● **Assigned task**: Could you copy exactly the lines below from the one with "献立は、ほたて貝のクリームシ" to the one with "日式料理有丼飯、拌飯、創意卷", inclusive, leaving out any pictures?
Source material START
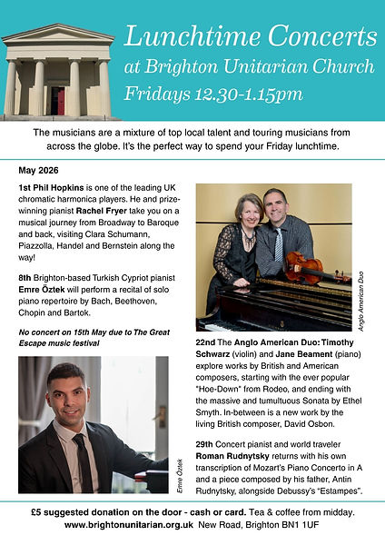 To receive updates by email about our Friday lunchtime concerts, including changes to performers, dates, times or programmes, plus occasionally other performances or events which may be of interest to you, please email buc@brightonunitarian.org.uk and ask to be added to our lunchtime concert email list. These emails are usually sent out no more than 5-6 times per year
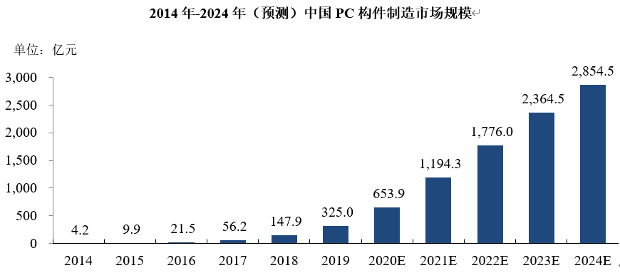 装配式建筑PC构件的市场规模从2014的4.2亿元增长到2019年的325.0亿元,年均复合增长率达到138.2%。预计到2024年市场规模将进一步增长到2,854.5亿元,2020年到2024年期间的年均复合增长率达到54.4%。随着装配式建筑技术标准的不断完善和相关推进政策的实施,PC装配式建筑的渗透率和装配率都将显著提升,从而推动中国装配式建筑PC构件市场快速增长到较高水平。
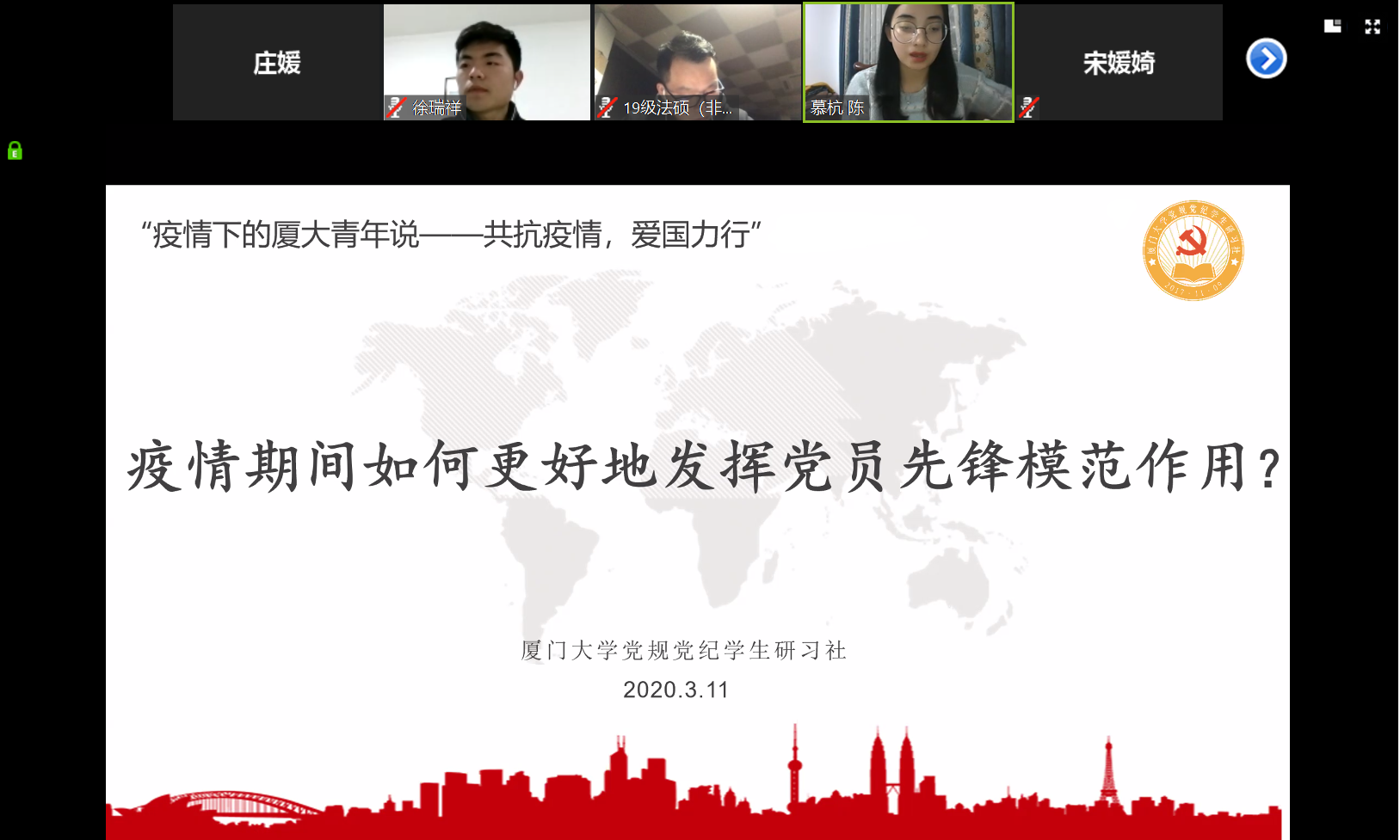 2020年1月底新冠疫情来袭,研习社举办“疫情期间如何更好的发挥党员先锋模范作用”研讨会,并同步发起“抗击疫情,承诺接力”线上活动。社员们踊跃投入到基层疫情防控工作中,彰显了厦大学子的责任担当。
Source material END
Source material START
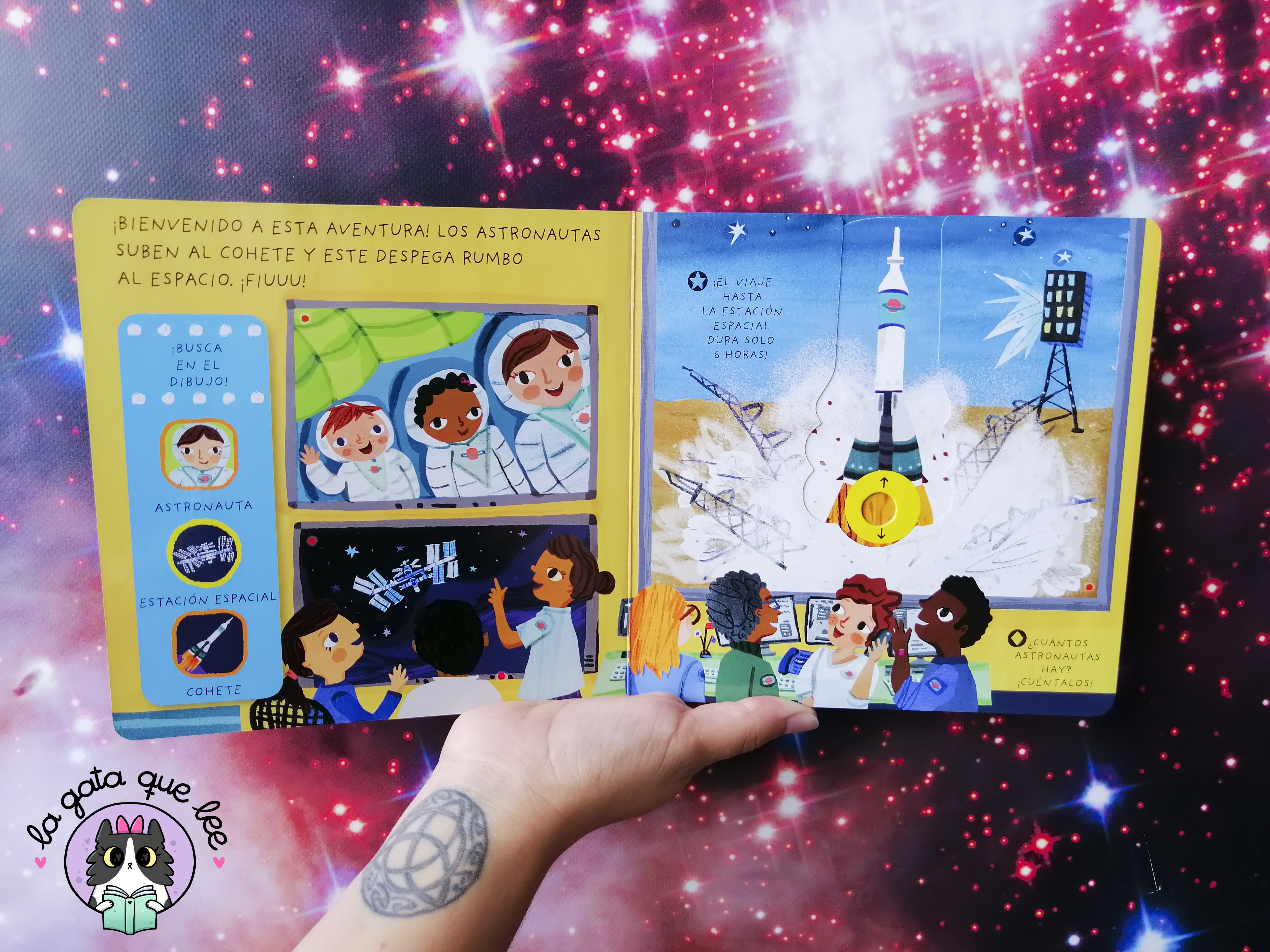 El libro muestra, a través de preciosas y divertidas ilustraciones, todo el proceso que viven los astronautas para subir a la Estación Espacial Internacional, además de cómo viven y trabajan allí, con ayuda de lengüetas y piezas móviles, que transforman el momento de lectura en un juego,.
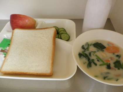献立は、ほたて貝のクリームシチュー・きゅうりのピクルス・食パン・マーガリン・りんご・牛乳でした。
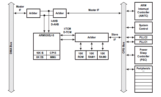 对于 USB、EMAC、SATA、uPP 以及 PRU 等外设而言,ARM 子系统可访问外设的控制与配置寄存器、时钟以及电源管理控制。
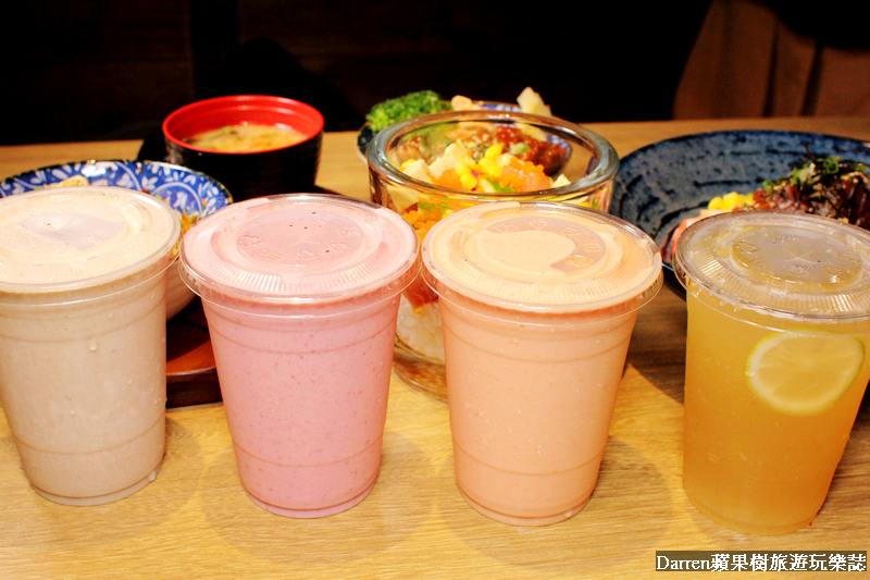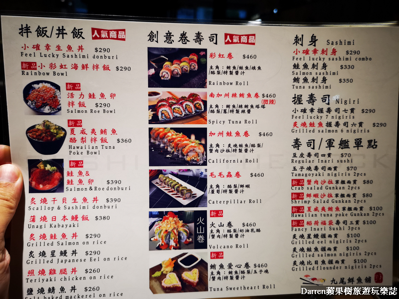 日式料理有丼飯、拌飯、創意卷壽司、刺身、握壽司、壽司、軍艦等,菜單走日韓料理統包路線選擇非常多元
Source material END
● **Result below**:
献立は、ほたて貝のクリームシチュー・きゅうりのピクルス・食パン・マーガリン・りんご・牛乳でした。
 对于 USB、EMAC、SATA、uPP 以及 PRU 等外设而言,ARM 子系统可访问外设的控制与配置寄存器、时钟以及电源管理控制。
 日式料理有丼飯、拌飯、創意卷壽司、刺身、握壽司、壽司、軍艦等,菜單走日韓料理統包路線選擇非常多元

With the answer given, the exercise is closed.